_Directions for this task_.
Your answer must restate each entry below word for word, with no pictures in it.
=== Begin Enclosure ===
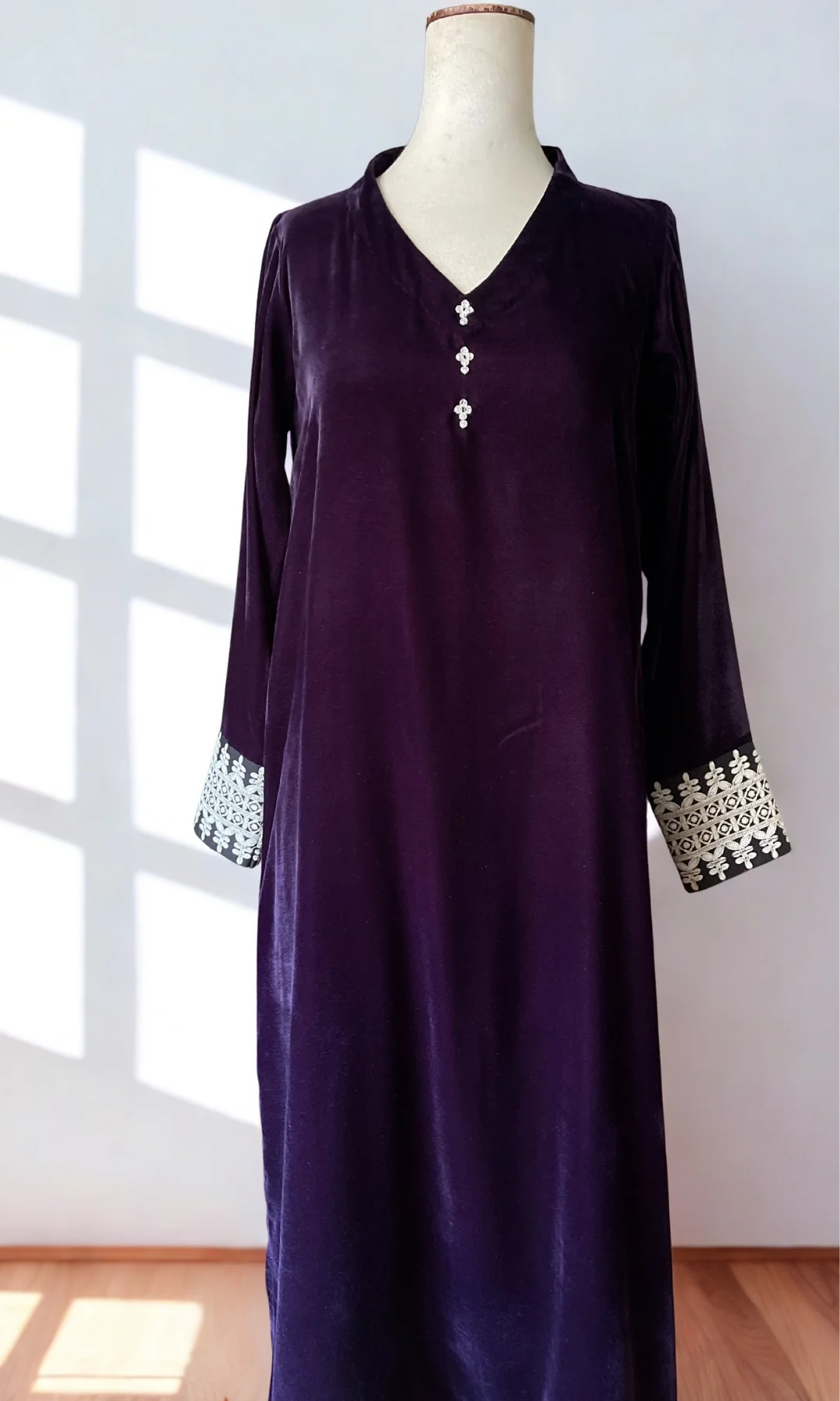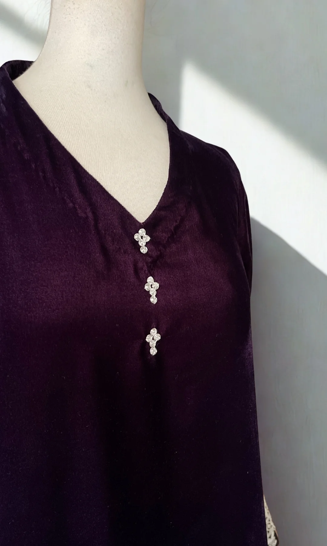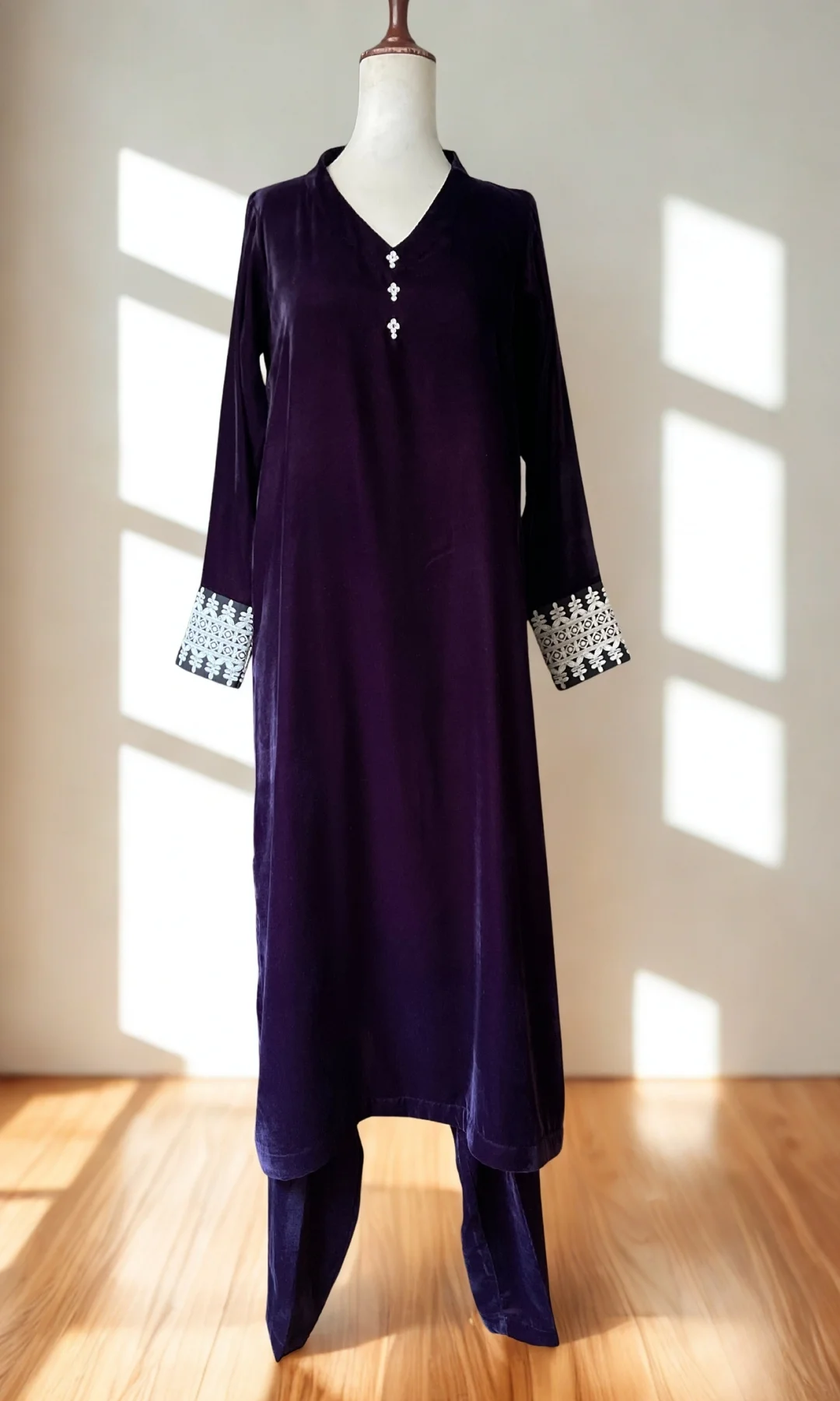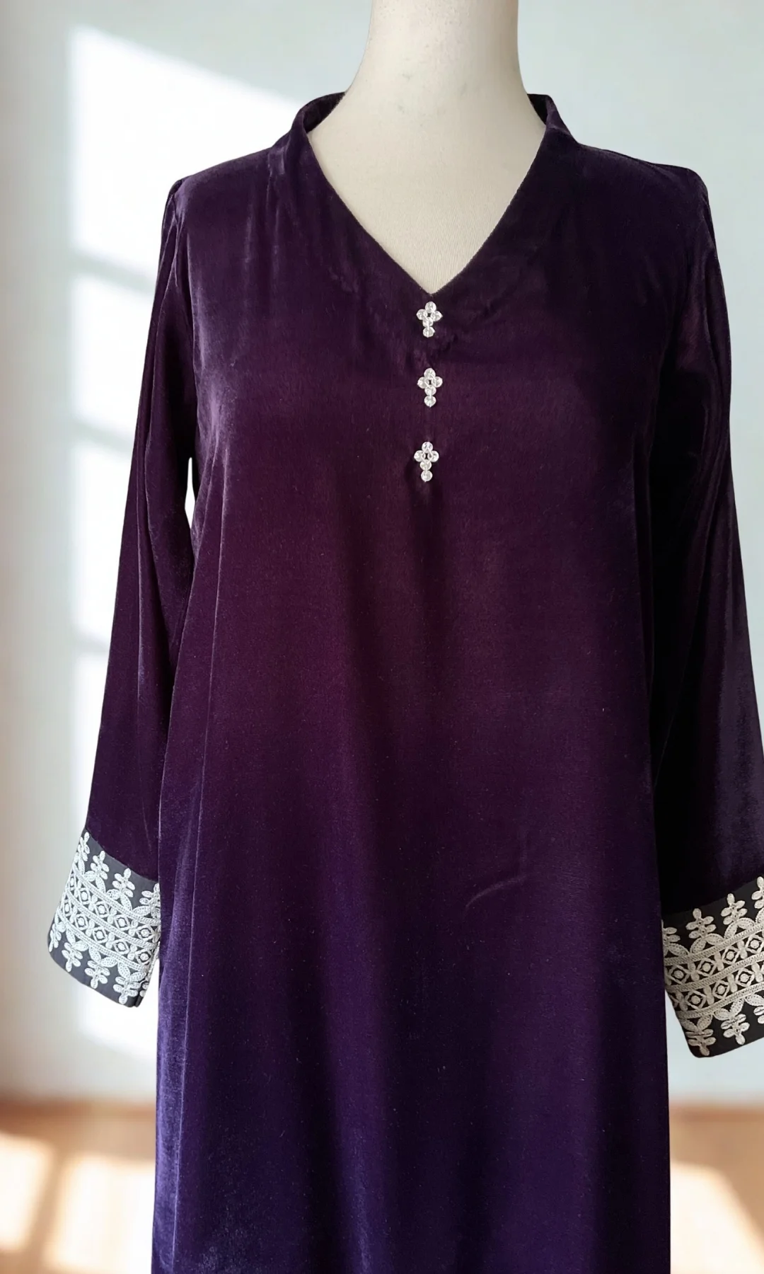 This plum pure Velvet ensemble beautifully blends style with elegance. Delicate embroidery done around the sleeve ends with handmade buttons in the front with diamontees and a A line look gives it a refined silhouette. Paired with regular Velvet Trouser. Dupatta finished with the facing on the pallu sides.
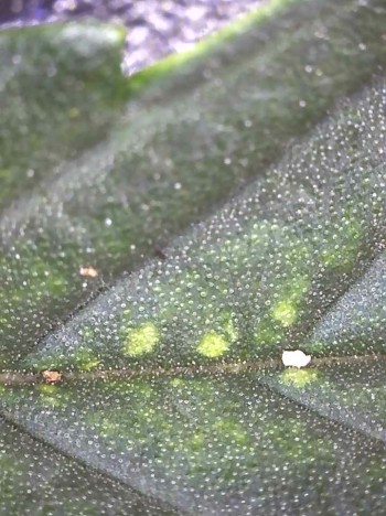 Het witte vlekje lijkt iets weg te hebben van een cocon van een of ander insect. Bij de inspectie van de rest van het blad heb ik geen gaatjes of andere beesten kunnen vinden, we houden het in de gaten. Blijkbaar was er wel een vezel van mijn sweater aan het blad blijven zitten. De andere Sneeze planten hadden ook allebei één raar blad.
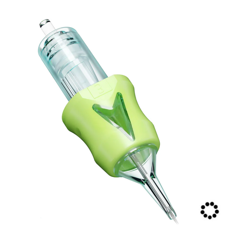 Řada OG Produce Arrow Shader 9 je určená pro tatéry, kteří potřebují kontrolu při stínování a při vyplňování ploch. Úzká špička se šikmým zakončením pomáhá udržet směr tahu a podporuje rovnoměrný tok inkoustu, zatímco silikonový návlek tlumí nežádoucí vibrace. Dostupné průměry umožňují vybrat variantu podle požadovaného krytí a stylu tetování.
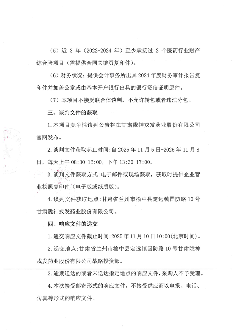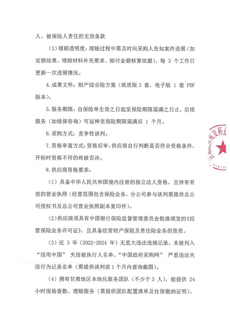 甘肅隴神戎發(fā)藥業(yè)股份有限公司2025-2026年度財(cái)產(chǎn)綜合險(xiǎn)采購項(xiàng)目公告
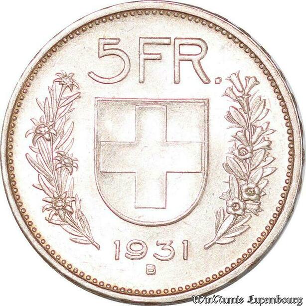 S3726 Suisse 5 Francs Confédération Helvétique 1931 B Berne SPL Argent Silver
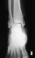 現病歴:平成14年12月9日午前12時頃、外出先で階段を下降中に段を踏み外し、2段下まで落下、右足首を捻り転倒した。直後より足に激痛を覚え、歩行不能となった。
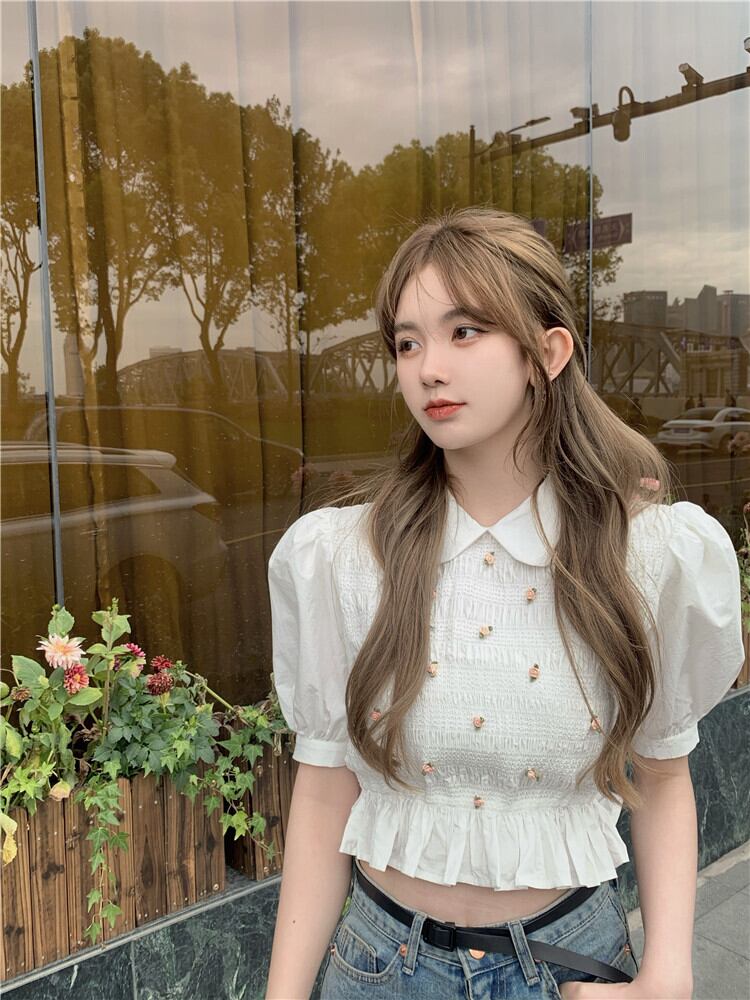 ブラウス サマーショートスタイルスリムカラーシャツ 大人ガーリー スウィート キュート カジュアル 夏物 ナナファッション11790960862
=== End Enclosure ===
_Written solution_.
 This plum pure Velvet ensemble beautifully blends style with elegance. Delicate embroidery done around the sleeve ends with handmade buttons in the front with diamontees and a A line look gives it a refined silhouette. Paired with regular Velvet Trouser. Dupatta finished with the facing on the pallu sides.
 Het witte vlekje lijkt iets weg te hebben van een cocon van een of ander insect. Bij de inspectie van de rest van het blad heb ik geen gaatjes of andere beesten kunnen vinden, we houden het in de gaten. Blijkbaar was er wel een vezel van mijn sweater aan het blad blijven zitten. De andere Sneeze planten hadden ook allebei één raar blad.
 Řada OG Produce Arrow Shader 9 je určená pro tatéry, kteří potřebují kontrolu při stínování a při vyplňování ploch. Úzká špička se šikmým zakončením pomáhá udržet směr tahu a podporuje rovnoměrný tok inkoustu, zatímco silikonový návlek tlumí nežádoucí vibrace. Dostupné průměry umožňují vybrat variantu podle požadovaného krytí a stylu tetování.
 甘肅隴神戎發(fā)藥業(yè)股份有限公司2025-2026年度財(cái)產(chǎn)綜合險(xiǎn)采購項(xiàng)目公告
 S3726 Suisse 5 Francs Confédération Helvétique 1931 B Berne SPL Argent Silver
 現病歴:平成14年12月9日午前12時頃、外出先で階段を下降中に段を踏み外し、2段下まで落下、右足首を捻り転倒した。直後より足に激痛を覚え、歩行不能となった。
 ブラウス サマーショートスタイルスリムカラーシャツ 大人ガーリー スウィート キュート カジュアル 夏物 ナナファッション11790960862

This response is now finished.